«Пойдем, – говорит Маша, – темно»… Я опираюсь на палку, мы шагаем. «Что это было, как ты думаешь?» – «Собака бездомная, верно». Маша молчит. И хотя мы наверное знаем, что была или собака, или лиса, волк, и ничего в этом нет особенного – все же тяжкая тень легла на сердце, и не хочется думать, говорить. Вот мы пойдем к усадьбе, и тот же мрак будет окутывать ее, как и нас; старится все в ней, ветшает, дряхлеет; в такую ночь, верно, сама смерть тихо разгуливает по нашим службам и старым «личардам», и около тети Агнии она гуляет и вся тянется дать ей свою чашу: темную чашу гибели.
«Брат, скоро светает?» Вынимаю часы, освещаю папироской. Да, теперь скоро. Но пока еще на небе грузно и хмуро, березы поют свою тьму, и в усадьбе лают собаки: не вор ли? Или та, приблудная?
Мы ускоряем шаги.
Совсем уже около дома стал крапать дождь. Как-то затихло все, чуть посветлело, помутнело предрассветным туманом, и когда мы подошли к флигелю, на березах висели светлые капельки, а дождик уже перестал. Снова, и по-другому теперь, тянуло рожью – влажным и нежным запахом, и стало так слабо и звонко в воздухе, что, кажется, скажи «а», и кто-то, как живой, отзовется из-за речки за усадьбой: «а-а»… – точно протянет свирель.

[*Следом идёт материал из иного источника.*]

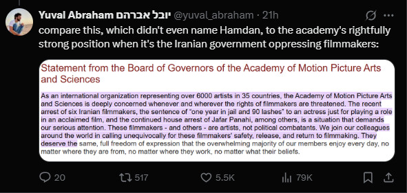 Ο Αβραάμ επέκρινε τη δήλωση στα μέσα κοινωνικής δικτύωσης: «Μετά την κριτική μας, οι ηγέτες της Ακαδημίας έστειλαν αυτό το μήνυμα ηλεκτρονικού ταχυδρομείου στα μέλη εξηγώντας τη σιωπή τους σχετικά με την επίθεση του Χαμντάν: πρέπει να σεβαστούν τις ‘μοναδικές απόψεις’», έγραψε στο X. Συνέκρινε τα σχόλια με μια «δικαίως ισχυρή» δήλωση που έκανε η Ακαδημία το 2011, όταν ο οργανισμός καταδίκασε τη σύλληψη έξι Ιρανών κινηματογραφιστών από την ιρανική κυβέρνηση, μεταξύ των οποίων και ο σκηνοθέτης Τζαφάρ Παναχί.

Спать еще не хочется; пускай сестра ушла во флигель, и перед глазами последний раз мелькнуло похолодалое лицо, бледное в полусумраке утра, с потемневшими губами – можно еще посидеть на скамеечке у ее окна. Старый Полкан, огромный, похожий на побуревшего медведя, подошел и сел рядом: мы сидим с ним, как два нахохленных ночных сторожа, перед этим флигелем, усадьбой, утром. Стало быть, все мы погибнем. И он, и я, и сестра Маша, и старая тетя Агния – в этот тихий утренний час это кажется ясным особой, прочно покойной ясностью. Да будет. Нам дано жить в тоске и скорби, но дано и быть твердыми – с честью и мужеством пронести свой дух сквозь эту юдоль, неугасимым пламенем – и со спокойною печалью умереть, отойти в обитель ясности. Это непреложно, и это дает сердцу мир и твердость. И тишина теперь, не есть ли и она отображение той вечной тишины, что ждет нас?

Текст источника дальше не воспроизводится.